A simple Findable Essential Index can be created by summing the % of records that contain each recommended element. In this case, there are fifteen elements, so the index has a range of zero to fifteen. The index for the average shown in Figure 2 is 7.57 or 50%. Many of the recommended or optional elements are currently rare (< 20%) in the DataCite metadata collection.
At the time of the analysis, 138 DataCite Members provided and managed DOIs for over 1400 repositories. Figure 4 shows the minimum, maximum, and average of the Findable Essential Indices for each Member. The Members are sorted by the number of repositories (shown below the data) and average index (shown by circles). The overall average index from Figure 3 is shown as a dashed line. Most Members include only one repository and they show up as single dots in this Figure. For those with more than one repository the range of the indices are shown by vertical lines.
There is significant variance of the proposed index within and between the data center collections. This is to be expected because DataCite metadata serves different purposes for different data centers. In the minimum case, the sole purpose is to register a DOI and the minimum metadata suffices. In other cases, more DataCite metadata might be provided because it exists in a native dialect and can be created as part of an automatic DataCite metadata generation process. It is clearly too early to understand and elucidate explanations for specific cases. That interesting and important task remains for future work.
Conclusions
Clear and specific community recommendations for FAIR metadata in multiple dialects are rare and necessary for measuring progress towards evaluating and improving metadata in many repositories. MetaDIG is initiating development of such a recommendation and soliciting community input in a repository of proposed metadata checks. We propose an initial set of concepts and an evaluation of the DataCite metadata collection for essential metadata elements that support Findability.

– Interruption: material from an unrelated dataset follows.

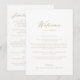 Dieser schicke kalligraphische Begrüßungsbrief aus Gold ist perfekt für eine rustikale Hochzeit. Das einfache und elegante Design zeichnet sich durch klassische und extravagante Schriftzeichen in Gold aus. Personalisieren Sie die Front mit einer Begrüßungsbotschaft für Ihre Gäste und Ihren Namen. Personalisieren Sie den Rücken mit dem Veranstaltungskalender und anderen nützlichen Informationen.

We also examined the occurrence data for these elements in a sample of the DataCite metadata. That analysis shows that there is considerable variation in completeness of DataCite collections with respect to the recommended content.
Our final goal is a recommendation that includes content in four categories. The first, Findable Essential, was described here. Others include Findable – Supporting and Accessible-Interoperable-Reusable Essential and Supporting. These other categories will be described in future blogs.